HEADERFMT = '>BH' — Every page starts with (type: u8, numkeys: u16) — 3 bytes.

`PageManager`

Low-level fixed-size page I/O. Owns the data file handle and tracks read/write counts for observability.

allocate_page() — Returns a page number, preferring the free list (a singly-linked list threaded through freed pages) before extending the file. This is important: page allocation is integrated with metadata updates, not a separate allocator.
freepage(pagenum) — Pushes a page onto the free list by writing a pointer to the old head into the freed page's body, then updating metadata.
readpage / writepage — Seek-and-read/write at pagenum * pagesize. Pages are always padded to page_size.

`WAL` (Write-Ahead Log)

Crash recovery via a sequential log file. Each entry is (seq, pagenum, datalen, data, crc32).

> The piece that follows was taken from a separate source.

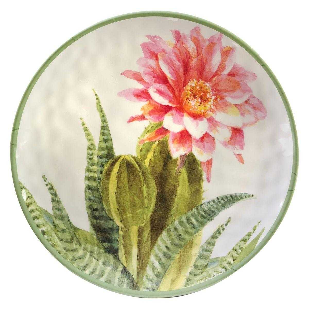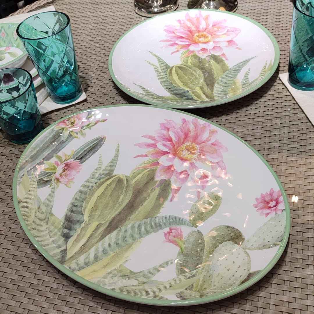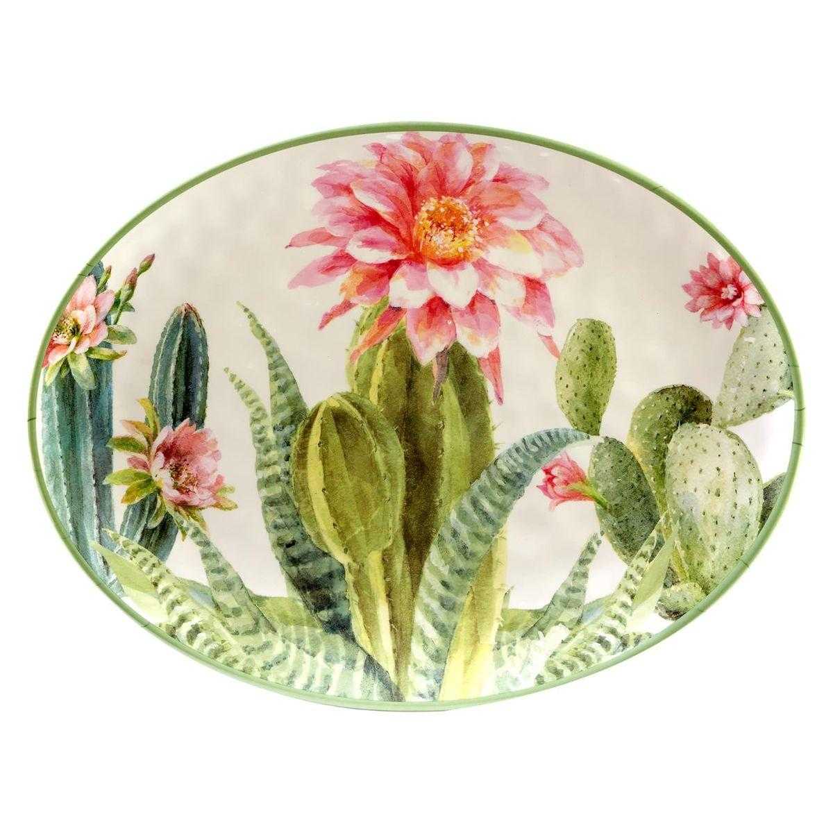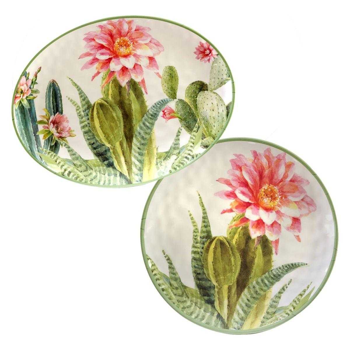 Набір меламінових блюд «Красуня Пустелі» включає овальне блюдо розміром 46×34 см та велике кругле блюдо діаметром 36 см. Міцний ударостійкий матеріал не містить бісфенолу й повністю безпечний для щоденного використання. Яскравий принт пустельних кактусів і квітів створений за оригінальними ескізами художниці Донни Ніл. Блюда підходять як для домашньої сервіровки, так і для подачі страв на відкритому повітрі. Їх можна мити в посудомийній машині за температури не вище +70°. Посуд виготовляється на заводах компанії Certified International у КНР.

logwrite(pagenum, page_data) — Appends an entry and fsyncs. Every page mutation goes through here before hitting the data file.
commit(page_manager) — Fsyncs the data file, then truncates the WAL. This is the commit point: once the WAL is empty, the data file is authoritative.
recover(page_manager) — Replays all valid (checksum-verified) entries from the WAL into the data file, then truncates. Called on startup.

Serialization Functions

Four free functions handle the binary format of leaf and internal pages:

serializeleaf / deserializeleaf — Leaf format: header(3B) + nextsibling(4B) + entries.... Each entry is keylen(2B) + key + val_len(2B) + val. Keys are UTF-8 strings; values are raw bytes.
serializeinternal / deserializeinternal — Internal format: header(3B) + child0(4B) + (keylen(2B) + key + child(4B)).... The classic B-tree layout where n keys separate n+1 child pointers.

`BTree`

The main API. Wraps PageManager + WAL and exposes a key-value interface.

Core operations:

get(key) — Walks from root to leaf using bisectleft at leaves and bisectright at internals. Returns bytes | None.
put(key, value) — Recursive insert via insert. Three return conventions: None (updated existing), 'inserted' (new key, no split), (midkey, new_page) (split happened, propagate up). When the root splits, a new root internal node is created, incrementing tree height.
delete(key) — Recursive delete. On empty leaves, it patches the sibling pointer of the predecessor leaf and frees the empty page. Only does this cleanup when the parent is at depth 2 and the empty leaf is not the leftmost child.
rangescan(startkey, endkey) — Finds the leaf containing startkey, then walks the sibling chain collecting entries until end_key is reached.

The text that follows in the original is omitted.